American singer-songwriter (born 1963)

Cooper Boone (born September 11, 1963) is an American country music artist, psychologist and chef.

== Early years ==
Boone was born Michael John Schroeder in Wells, Minnesota, and raised in St. Joseph, Minnesota, where he sang in church choirs and learned to play trumpet and piano. He holds two master's degrees and a doctoral degree in clinical psychology.

==Career==

===Psychology===
Boone moved to New York City in 1994, where he started a clinical psychology practice, working on issues including drug addiction, 9/11 survivors, couples counseling, career problems and stress management.
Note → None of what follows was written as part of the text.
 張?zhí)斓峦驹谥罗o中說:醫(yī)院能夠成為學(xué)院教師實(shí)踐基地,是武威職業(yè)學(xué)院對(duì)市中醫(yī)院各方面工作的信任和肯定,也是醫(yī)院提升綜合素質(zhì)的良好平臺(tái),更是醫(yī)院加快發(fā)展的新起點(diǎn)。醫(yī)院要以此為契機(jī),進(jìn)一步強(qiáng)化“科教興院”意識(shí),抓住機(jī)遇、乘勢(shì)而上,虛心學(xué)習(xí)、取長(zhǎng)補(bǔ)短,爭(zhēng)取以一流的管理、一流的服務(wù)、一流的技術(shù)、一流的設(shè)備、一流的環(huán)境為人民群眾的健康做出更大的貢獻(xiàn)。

In 2010, he submitted an application to ABC's "Dear GMA Advice Guru" contest, as a part of Good Morning Americas search for an on-air advice guru. Of 15,000 applicants, he was named one of four finalists and was featured giving advice on an episode of Good Morning America on January 24, 2011.

===Music===
In 2005, Boone began writing country pop songs and recorded his debut album, Dance in the Wind, which was released the following year. After an EP in 2008, which was produced by Anthony Krizan (former Spin Doctors lead guitarist), Boone's second full-length album, which was self-titled, was released in August 2009. Its first single, "Cougar Dream," is a lighthearted ode to attractive middle-aged women. Other tracks on the album take a more serious tone, inspired by stories told to him by some of his patients, particularly those who were affected by the September 11 attacks.
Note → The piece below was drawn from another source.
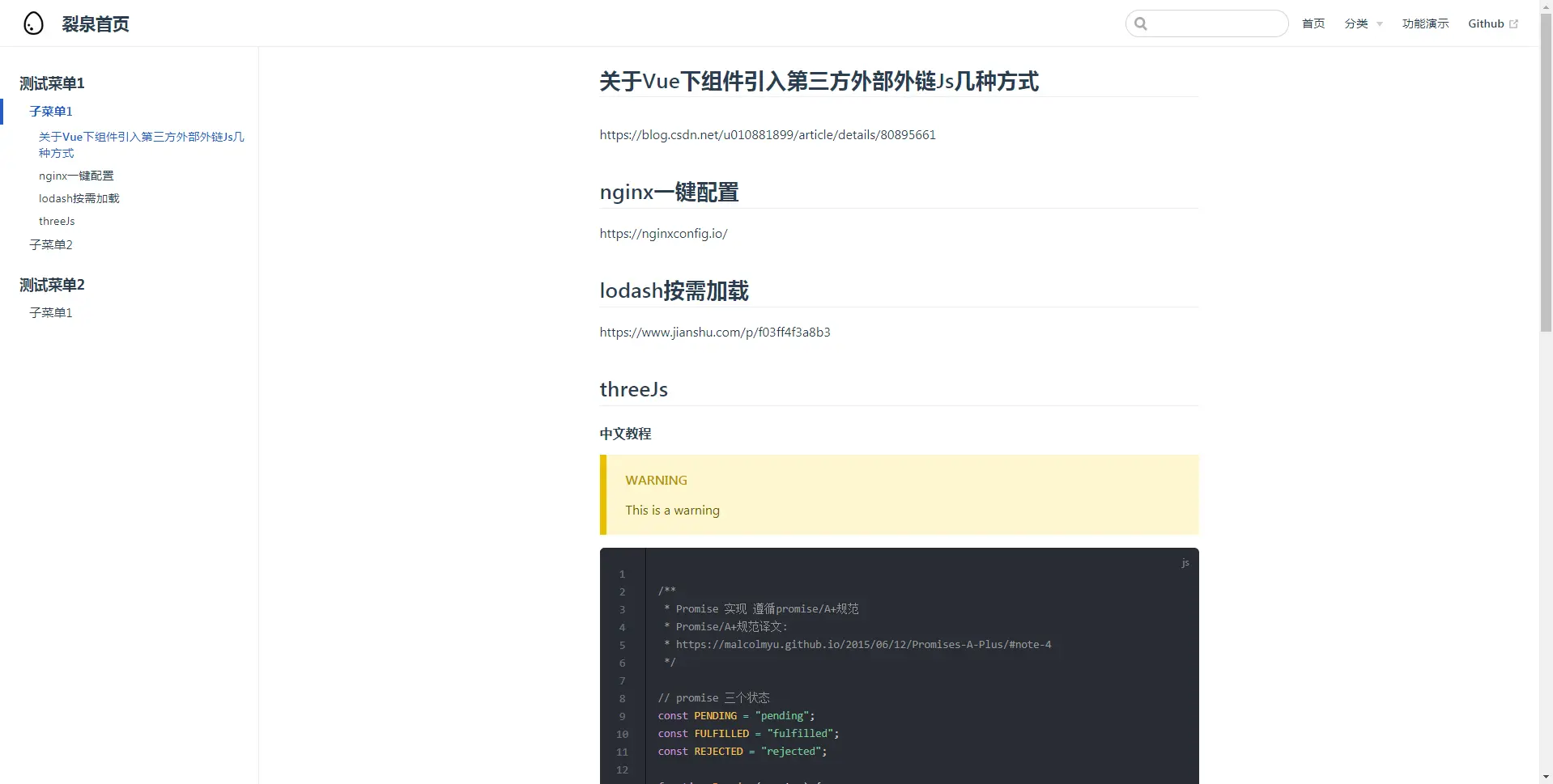 当我们的markdown文件创建好之后,我们导航栏和侧边栏的跳转链接也就有了对应的文件。我们再点击进顶端导航栏的分类-文章,即可跳转至如下页面:

Boone was named Best Country Artist at the 2008 Hollywood Music Awards; won Musikfest's 2008 Battle of the Bands showcase, earning a spot at the 10-day music festival held annually in Bethlehem, Pennsylvania; won a 2010 Independent Music Award for Country Vox Pop; won a 2009 Independent Singer-Songwriter Award for Country Song for "Mending Fences"; and has been nominated for Hollywood Music in Media Awards and Los Angeles Music Awards. He performed "Mending Fences" live on ABC News Now in 2009, and co-wrote "One Song," the theme song for DKMS Americas, which he performed at a 2009 DKMS fundraiser with the PS22 Chorus. Starting in 1997, he performed at the Country Living Fairs in Atlanta, Columbus, Austin and Rhinebeck, New York. He has opened for headliners including Trace Adkins, Craig Morgan, The Bacon Brothers and Bob Guiney, and performed at the 1996 Miss America's Outstanding Teen pageant as a featured soloist. His song "Made in America" was the theme song for the Travel Channel's Made in America, hosted by John Ratzenberger, which ran from 2004 to 2008. He has performed for Paula Deen live as well as on the Paula Deen Network several times.

===Cooking===
Boone has been a featured guest chef on various television programs and hosts a website, Cooper's Table, where he shares his recipes and happenings on his farm.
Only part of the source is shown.